The utility model relates to the technical field of sealing detection, specifically a pressure vessel leakage detection device, which includes a detection tank, the bottom of the detection tank is provided with a drainage outlet, and also includes a detection platform and a movable cover, wherein the detection platform is located in the detection tank, The upper surface of the detection platform is provided with a number of receiving frames, and water inlets are provided on the surface of the detection platform and inside the corresponding receiving frames; the movable cover plate can be lifted and lowered above the detection pool, and the bottom surface of the movable cover plate is provided with The sealing portion corresponds one-to-one to the receiving frame, and the sealing portion and the movable cover are both provided with communication holes. The utility model is provided with a U-shaped observation tube connected to the outside of the guide tube. The U-shaped observation tube can hold colored liquid, so that it can be more intuitively observed whether there are bubbles, and therefore it can be more accurately judged whether the pressure vessel is Give way.

Description

A pressure vessel leakage detection device

Technical field

The utility model relates to the technical field of sealing detection, specifically a pressure vessel leakage detection device.

Background technique

A pressure vessel is a closed container that can withstand pressure. It has a wide range of uses. It plays an important role in many sectors such as industry, civil use, and military industry, as well as in many fields of scientific research. Nowadays, common pressure vessels include storage tanks, oil and gas tanks, air compressor tanks, etc.

During the production and manufacturing process of pressure vessels, in order to ensure that each container has good air tightness, it needs to undergo a pressure test before leaving the factory. In traditional technology, the way to test the sealing of a pressure vessel is to blow high-pressure gas into the container, then place the container in water and observe whether there are bubbles emerging. If there are bubbles, it means the container is not airtight; On the contrary, it means that the container is airtight. Although the above method can theoretically detect the air tightness of the pressure vessel, it must be carefully observed by the staff; for some containers, the cracks are very slight and the leakage rate is very slow, so the bubbles generated when placed in water are also They are very small. If the staff does not pay attention, they may miss the best opportunity to observe the bubbles, and thus cannot accurately determine whether the pressure vessel is leaking. In order to more intuitively determine whether the pressure vessel is leaking, we propose a pressure vessel leakage detection device to effectively solve the above disadvantages.

Utility model content

The purpose of this utility model is to provide a pressure vessel leakage detection device to solve the problems raised in the above background technology.
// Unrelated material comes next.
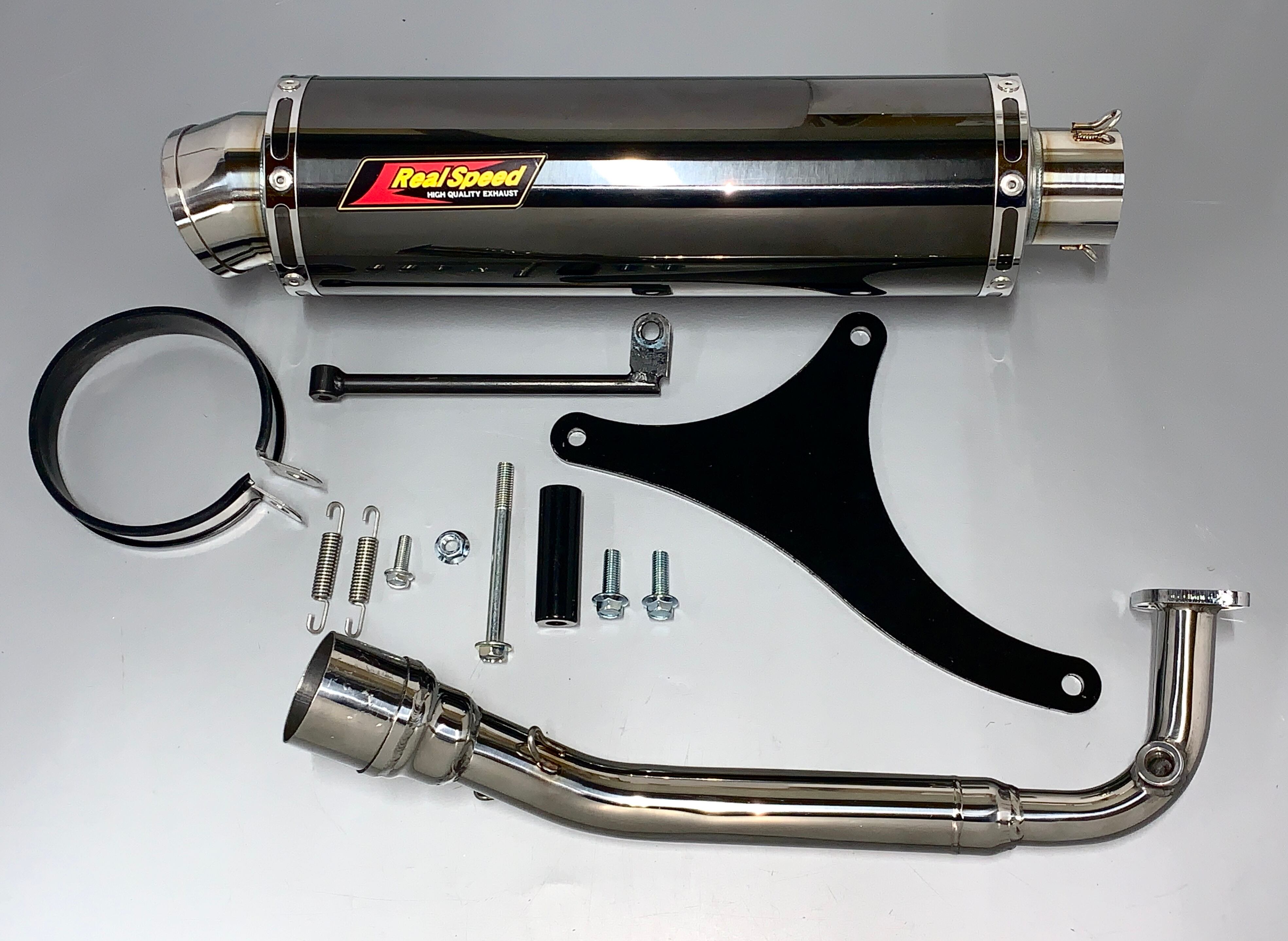 こちらのマフラーを取り付けるのに必要なボルト、バンド等も同梱されています。 消音バッフルも付いていますので2種類の音の変化を楽しめます。

The utility model is realized through the following technical solutions:

A pressure vessel leakage detection device, including a detection tank, the bottom of the detection tank is provided with a drainage outlet, and also includes: a detection platform, the detection platform is located in the detection tank, and the upper surface of the detection platform is provided with a number of receiving frames, The surface of the detection platform and the inside of the corresponding containing frame are all provided with water inlets; a movable cover is arranged above the detection pool in a manner that can be raised and lowered, and the bottom surface of the movable cover is provided with a There are one-to-one corresponding sealing parts of the accommodation frame, the sealing part and the movable cover are jointly provided with communication holes, and the top wall of the movable cover is provided with guide tubes at several communication holes. The top of the guide tube is provided with a sealing cover; a U-shaped observation tube corresponds to the guide tube one by one, and one end of the U-shaped observation tube is open, and the U-shaped observation tube corresponds to the guide tube one by one. The other end of the shaped observation tube is connected with the guide tube.

Optionally, electric slide tables are provided on both left and right sides of the inside of the detection pool. The slide seat of the electric slide table is fixedly connected to the inner wall of the detection tank. The movable end of the electric slide table is connected to the inner wall of the detection tank. The containing frame is fixedly connected.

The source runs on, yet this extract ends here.